Após sua graduação, em agosto de 2007, Fernando se mudou, em outubro do mesmo ano, para Nova York e começou a trabalhar em um estúdio pequeno. Algumas semanas depois, o engenheiro recebeu uma proposta para fazer parte do Avatar Studios. Porém, sua posição no estúdio não foi conquistada da noite pro dia: o aspirante trabalhou por 3 meses servindo café e fazendo serviços básicos no local até ser efetivado como engenheiro de som de fato, provando que o esforço, a dedicação e, sobretudo, o amor pelo que você faz podem render bons frutos e oportunidades.

No Avatar Studios, Fernando pôde trabalhar com artistas que muitos sonham um dia conhecer. Segundo ele, a experiência de trabalhar com alguém como Paul McCartney é surreal e para que as sessões ocorram bem é necessário muito trabalho em equipe. “Os artistas geralmente levam seus produtores e engenheiros assistentes com eles para a sessão, mas os engenheiros do próprio estúdio conhecem o local como a palma da mão, o que facilita muito o trabalho”, conta o engenheiro de som. “Cada estúdio é diferente, você precisa conhecer o lugar de dentro pra fora para suprir as demandas dos artistas e produtores”.

Como Fernando começou sua trajetória na música pela guitarra, perguntamos a ele também o quão crucial é um produtor musical ou engenheiro de som dominar mais instrumentos, e se sua experiência na guitarra lhe ajudou: “Para um engenheiro, pode não ser crucial mas é uma ajuda e tanto. Para um produtor, é uma habilidade crucial para entender a linguagem dos músicos e artistas com quem você está trabalhando. Por exemplo, ao mesmo tempo em que estamos gravando, eu consigo identificar se há uma nota fora de lugar ou algum erro no tempo enquanto olho o arranjo no Pro Tools, o que ajuda a sessão a ser mais rápida e produtiva”.

Não poderíamos deixar, claro, de falar nos dois Grammys que Fernando e sua equipe ganharam junto com Esperanza Spalding.
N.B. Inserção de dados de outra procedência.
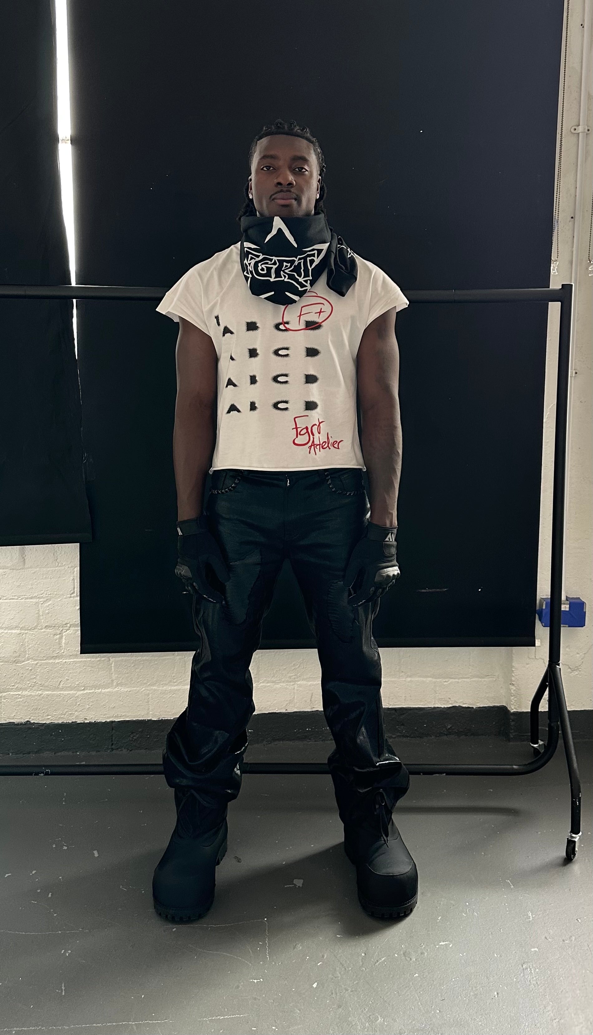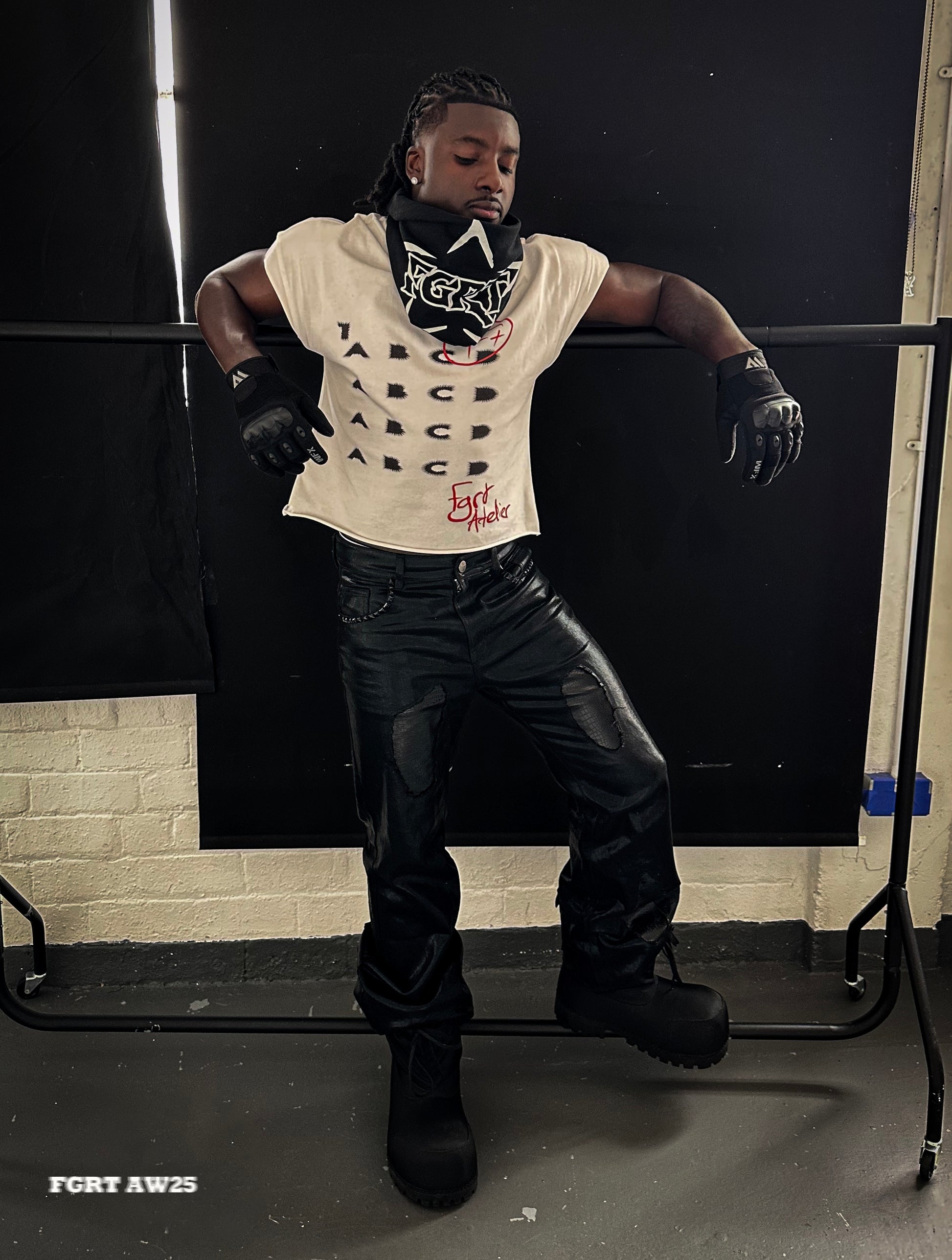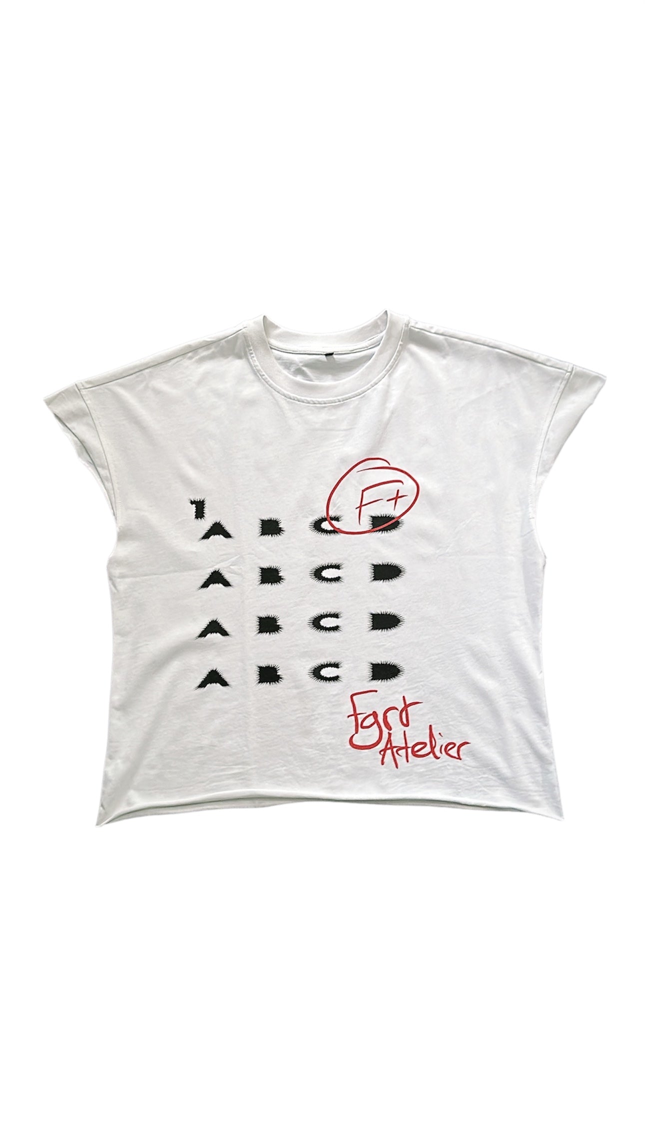 The stark black “ABCD” typography across the chest contrasts the clean white base, while the graded “F+” graphic flips the idea of perfection on its head, a badge of rebellion against conformity.

Segundo o próprio, nessas sessões ele teve a oportunidade de trabalhar com alguns dos melhores músicos que já presenciou tocarem. “O maior desafio deste trabalho foi que, você sabe, Speranza Spalding é uma artista de verdade. Nós, literalmente, entramos no estúdio sem nada planejado e sem nenhuma ideia do que fazer. Eu sentia que tinha sempre que ter diferentes opções prontas para a artista”.
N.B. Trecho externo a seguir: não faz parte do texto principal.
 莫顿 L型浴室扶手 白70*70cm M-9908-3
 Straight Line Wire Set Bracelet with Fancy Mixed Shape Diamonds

Apesar de ter como função principal a engenharia de som, Fernando também é produtor musical. Segundo ele, “cada artista é diferente. Não existe um passo a passo. Eu costumo ouvir as demos junto com a banda, vou aos ensaios e identifico se sou a pessoa certa para o trabalho, o que é uma coisa muito importante. Então, nós gravamos algumas takes provisórias no meu estúdio que funcionam de guia para os músicos. O importante é que todos se sintam confortáveis”.
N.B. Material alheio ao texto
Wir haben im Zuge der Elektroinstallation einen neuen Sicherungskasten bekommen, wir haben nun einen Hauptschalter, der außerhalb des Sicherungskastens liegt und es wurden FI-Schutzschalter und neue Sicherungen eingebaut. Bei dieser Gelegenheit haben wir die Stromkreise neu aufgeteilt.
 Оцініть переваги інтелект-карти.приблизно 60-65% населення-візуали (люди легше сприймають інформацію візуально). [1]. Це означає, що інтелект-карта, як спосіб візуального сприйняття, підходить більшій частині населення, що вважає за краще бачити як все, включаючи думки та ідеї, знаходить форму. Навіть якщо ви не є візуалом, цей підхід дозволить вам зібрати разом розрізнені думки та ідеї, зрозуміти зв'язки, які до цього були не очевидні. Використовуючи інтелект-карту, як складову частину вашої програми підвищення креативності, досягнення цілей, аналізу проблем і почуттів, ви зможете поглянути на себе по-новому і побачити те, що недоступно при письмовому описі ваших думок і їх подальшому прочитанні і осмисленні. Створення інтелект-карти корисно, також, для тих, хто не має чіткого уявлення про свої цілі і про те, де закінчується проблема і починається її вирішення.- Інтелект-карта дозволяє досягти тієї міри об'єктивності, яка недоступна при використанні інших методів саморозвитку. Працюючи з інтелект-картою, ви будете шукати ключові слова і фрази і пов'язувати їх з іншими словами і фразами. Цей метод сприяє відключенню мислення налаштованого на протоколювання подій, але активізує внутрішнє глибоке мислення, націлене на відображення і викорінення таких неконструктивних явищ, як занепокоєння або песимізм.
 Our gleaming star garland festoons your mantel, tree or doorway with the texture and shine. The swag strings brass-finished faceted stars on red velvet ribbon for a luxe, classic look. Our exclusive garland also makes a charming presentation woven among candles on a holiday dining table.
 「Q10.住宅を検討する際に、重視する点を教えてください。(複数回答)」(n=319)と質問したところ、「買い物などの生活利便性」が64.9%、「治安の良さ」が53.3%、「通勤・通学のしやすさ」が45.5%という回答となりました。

Além das duas atividades, Fernando também mixa trabalhos regularmente. Diz-se no meio musical que a mixagem deve complementar o trabalho do artista e a mensagem a ser passada, portanto Fernando tenta sempre usar a criatividade na hora da tarefa. “Eu gosto que o produtor me mande uma mixagem provisória para que eu tenha uma ideia do som que eles querem atingir”. Uma das técnicas preferidas do engenheiro é o parallel compression (compressão em paralelo, em português). A boa e velha técnica permite dar peso e claridade a instrumentos como a bateria e o vocal.

Não poderíamos deixar de trazer para a conversa a polêmica questão: analógico versus digital, e como Fernando faz uso dos dois mundos. “Depende da situação. Eu tenho um setup de equipamentos híbridos para que eu possa escolher o ideal para cada situação ou ter uma mistura dos dois”. Também há uma questão logística, segundo ele: “hoje em dia, fazemos muitos recalls. Trabalhamos com pessoas da Europa estando nos EUA, por exemplo. É importante ser possível fazer mudanças rápidas no som, portanto, muitas vezes, eu uso plugins que simulam equipamentos analógicos”.